Quando o vemos com sua máscara de folinha, forma que mais das vezes se apresenta, começa a confusão. Porque o tempo aí aparece como fato, como a encarnação da precisão. O tempo, concebido em sua forma mais simples, como data, se confunde com o fato e torna-se então mais importante do que o fenômeno. Contudo, ele nos enganou mais uma vez, fazendo-nos confiar no rigor da data como requisito da verdade histórica. Fez-nos acreditar que a História é uma ciência exata, quando não é, produzindo com essa farsa burlesca a mais perfeita manifestação do engano, o positivismo, manifestação do século retrasado.
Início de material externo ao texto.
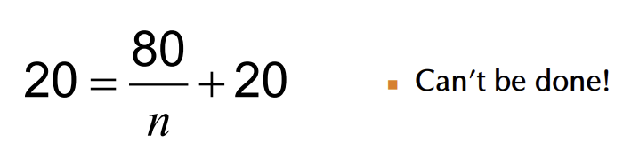 ex. 곱셈 연산이 100초 중 80초를 차지하는 경우, 전체 성능을 5배 향상시키기 위해서는 곱셈 성능을 얼마나 개선해야할까?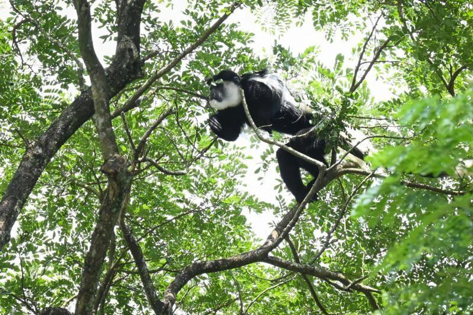 According to the Singapore Zoo’s website, the black-and-white colobus – known for its distinctive U-shaped mantle of long white fur that descends from its shoulders and around its back – is native to rainforests and open woodlands in Central and East Africa.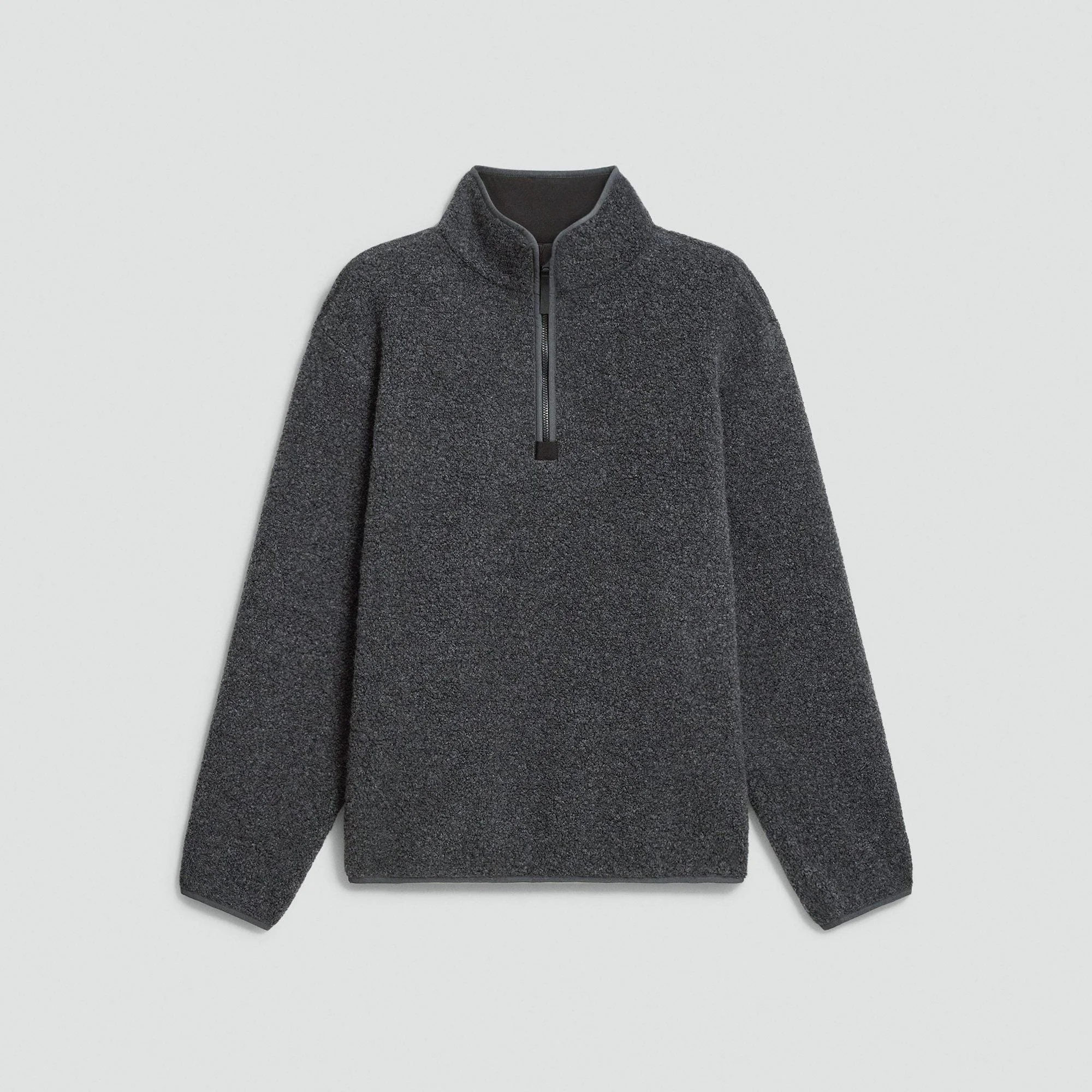 Please enter your email below to be notified when this item is in stock This relaxed sweatshirt features a stand collar, dropped shoulders, and a quarter-zip closure. It’s made of a luxurious fleece crafted in Italy by a leading mill in knitwear fabric innovation. The fabric quality uses certified recycled wool made from waste. The novel texture works to offer style, warmth, and comfort. Style #: P1191502 Please enter your email below to be notified when this item is in stock Fit True to size, choose your normal size Materials & Care Composition 63% recycled wool 24% nylon 13% polyester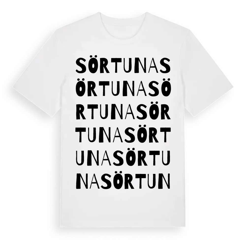 En ordlek byggd på Sörtunas namn. Subtilt och klurig – ett motiv som bara de som verkligen känner platsen fullt ut förstår. Premium bomull, unisex – från Sörtuna i Södermanlands län.
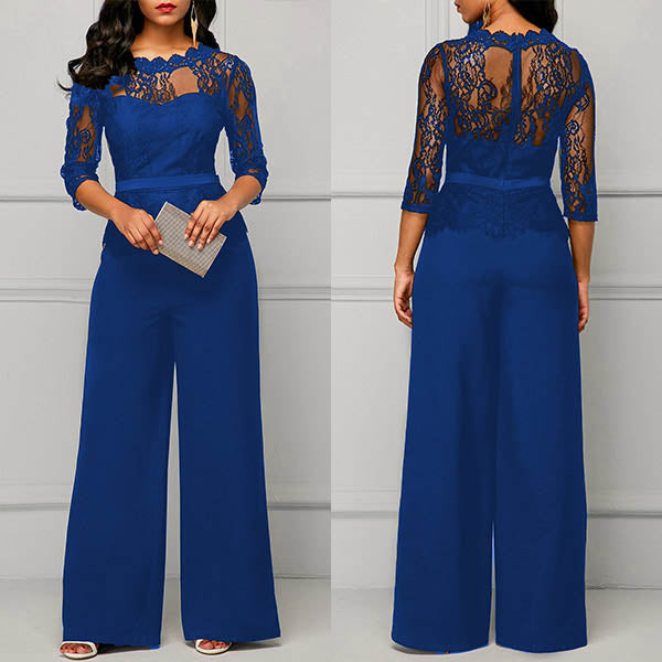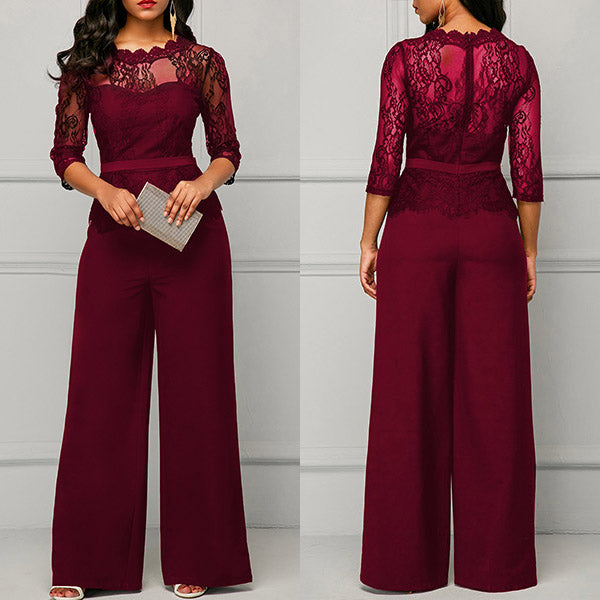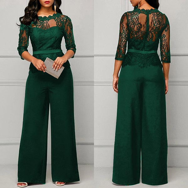 Do you want to try a different way to reflect your sexy and charming image? Then we recommend this jumpsuit! This jumpsuit features 3/4 sleeves, a round neck and a high waist. This beautiful piece can highlight your slim figure. Also, the lace-mixed designs will enhance your feminine charm. Trust me. This product will not disappoint you!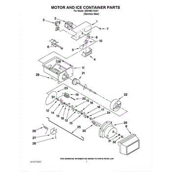 The Ice Container Assembly is an OEM part for Whirlpool refrigerators. This assembly includes the ice bin, where ice is collected, and often features integrated mechanisms or augers for dispensing ice through the refrigerator's door.
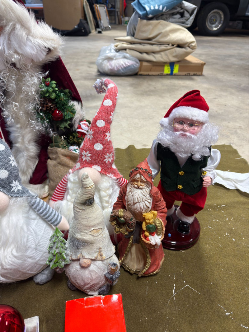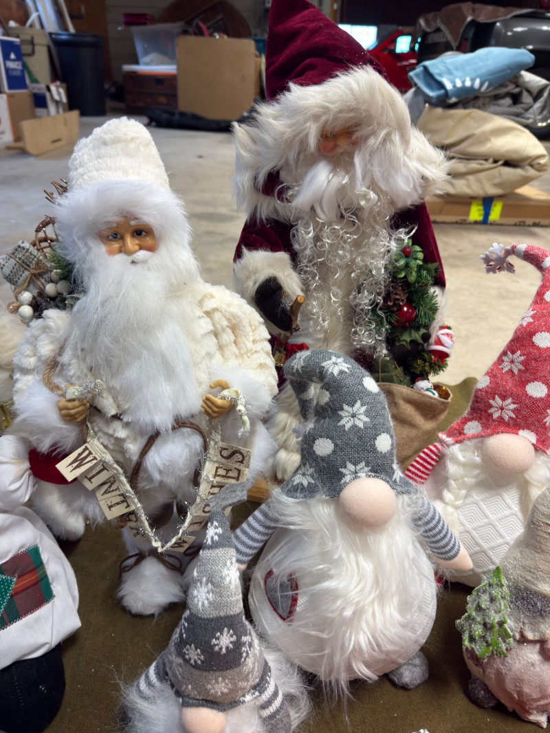 Vintage Christmas décor, especially Santa figures and Scandinavian gnomes (tomte/nisse), became widely popular in mid-to-late 20th century holiday styling and remain highly collectible today for their nostalgic charm. Mixed lots like this are especially desirable for decorators and resellers.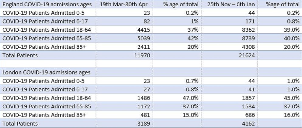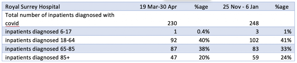 Table 5 is a comparison of the age stratified COVID-19 diagnoses at the Royal Surrey Hospital between comparable six week periods in the spring and winter. The data is contained in the monthly summary of NHS COVID-19 activity published on January 14th. The figures show a slight increase in the percentage of patients over 85 years in the winter compared to the spring. There is no significant increase in patients in the younger cohort 18-64. Unfortunately, the NHS figures do not allow a more detailed analysis of this wide age band, so it is possible that within the 18-64 cohort, the numbers could be skewed to the younger side. Publication of local audit figures would be informative.

Vá você, amante leigo da História, acreditar nessa figura mutante e verá onde se meteu. O Brasil foi descoberto em 1500. A revolução Francesa começou em 1789 ou, mais simplesmente, estamos no ano de 2017 d.C. Tem certeza? Alguns sustentam que o Brasil foi descoberto um ano e meio antes de Cabral aportar nessas plagas pelo navegador português Duarte Pacheco[1]. A Revolução Francesa iniciou realmente com a tomada da Bastilha, ou foi com a decapitação de Maria Antonieta e Luiz XVI? Outros sustentam que não estamos em 2017, mas em 2012, pois o calendário que inicia com o nascimento de Cristo estaria errado em cinco anos.
Caro leitor não desmaie ainda, fique acordado para saborear a confusão. Somente o erro no calendário torna todas as datas da nossa história erradas, se as entendermos como necessariamente precisas, matematicamente precisas. E para aumentar a confusão do leitor alerto que a afirmação: o Brasil foi descoberto em 1500 é totalmente vaga e imprecisa. Senão, vejamos, em 1500 o Brasil não existia, e sim o território onde ele seria construído, logo não poderia ser descoberto. Como foi descoberto em 1500? Há vestígios arqueológicos que demonstram a chegada dos primeiros homens, nessa parte do continente americano onde seria construído o Brasil, a aproximadamente 11.500 anos, muito antes dos portugueses portanto. E o Duarte Pacheco? Se aceitarmos aos questionamentos acima, nem ele nem Cabral “descobriram” o Brasil. Durma-se com um barulho desses.
O tempo como expressão da folinha é apenas um marcador relativo, que nos permite as noções do “antes” e do “depois”. Contudo, quando sua determinação é regida por operações lógicas e sociais queda-se uma entidade cambiável. Enfim, nem esse tempo, que parecia tão exato, salvou-se da confusão armada pelos historiadores (que por isso mesmo não se entendem). Muitas vezes esse tempo é convencional, outras vezes é constatável como data (a data de um decreto, por exemplo). Paradoxalmente é no primeiro caso onde encontramos a essência da História enquanto atividade intelectual. Segundo afirmou um grande historiador a precisão factual não é mérito, mas obrigação do historiador. Contudo, para que nos aproximemos dessa precisão é necessário que tenhamos uma percepção mais sofisticada daquilo que é o tempo para a História. O verdadeiro “tempo” com que se defronta o estudioso é aquele indicado por Marc Bloch, ou seja, o plasma onde estão os fenômenos sociais que devemos nos esforçar para captar. O resto é data. A sabedoria popular já o percebeu com mais clareza do que sábios doutores essa essencialidade histórica do tempo: o tempo em que se amarrava cachorro com lingüiça e que um fiapo do bigode garantia a palavra empenhada. Tempo imaginário, mas ainda assim tempo social.
[1] ISTO É. O verdadeiro Cabral. 26/11/1997.